Sanofi and Sobi’s once-weekly haemophilia A treatment has demonstrated “highly effective bleed protection” in children with severe cases of the rare bleeding disorder, according to phase 3 results recently published in The New England Journal of Medicine.
Affecting approximately one in every 5,000 male births annually, haemophilia A is a genetic condition resulting from insufficient levels of functioning factor VIII, a protein that is essential for blood clotting.
Efanesoctocog alfa, a factor VIII replacement therapy given as an intravenous injection, is already approved for adults and children with haemophilia A and marketed as Altuviiio by Sanofi in the US, Japan and Taiwan.
Sobi also received marketing authorisation from the European Commission last month for the use of the therapy, under the brand name Altuvoct, in haemophilia A patients of all ages.
The phase 3 XTEND-Kids study evaluated a once-weekly dose of efanesoctocog alfa for 52 weeks in previously treated severe haemophilia A patients aged under 12 years.
The trial met its primary and secondary endpoints, which included the occurrence of factor VIII inhibitors and annualised bleed rates (ABRs).
The results showed that no inhibitor development to factor VIII was detected with the therapy and demonstrated a median ABR of zero as well as an estimated mean ABR of 0.61 in the study of 73 patients treated per protocol.
Additionally, 82% of patients had zero joint bleeds with efanesoctocog alfa and the therapy was found to be well tolerated, with no adverse events that led to treatment discontinuation.
Dietmar Berger, global head of development and chief medical officer at Sanofi, said the data “validates the connection between high-sustained factor activity levels and improved health outcomes, including joint health”.

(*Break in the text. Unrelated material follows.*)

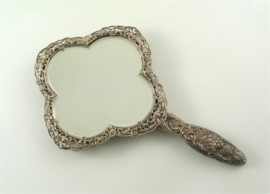 A late Victorian hand mirror, with quatrefoil glass and pierced border, embossed handle and scene on the reverse of a dancing couple, vacant cartouch, in case with silk lining, by Samuel Jacob, London, 1899.

Sharing a similar sentiment, Lydia Abad-Franch, head of research, development, and medical affairs, and chief medical officer at Sobi, said: “The recent XTEND-Kids study further underscores the safety and effectiveness of [efanesoctocog alfa], showcasing how high-sustained factor VIII activity can improve clinical outcomes in children.”
Sanofi and Sobi collaborate on the development and commercialisation of efanesoctocog alfa in the US, while Sobi has final development and commercialisation rights in Europe, North Africa, Russia and most Middle Eastern markets, with Sanofi holding these rights in North America and all other regions worldwide, excluding the Sobi territory.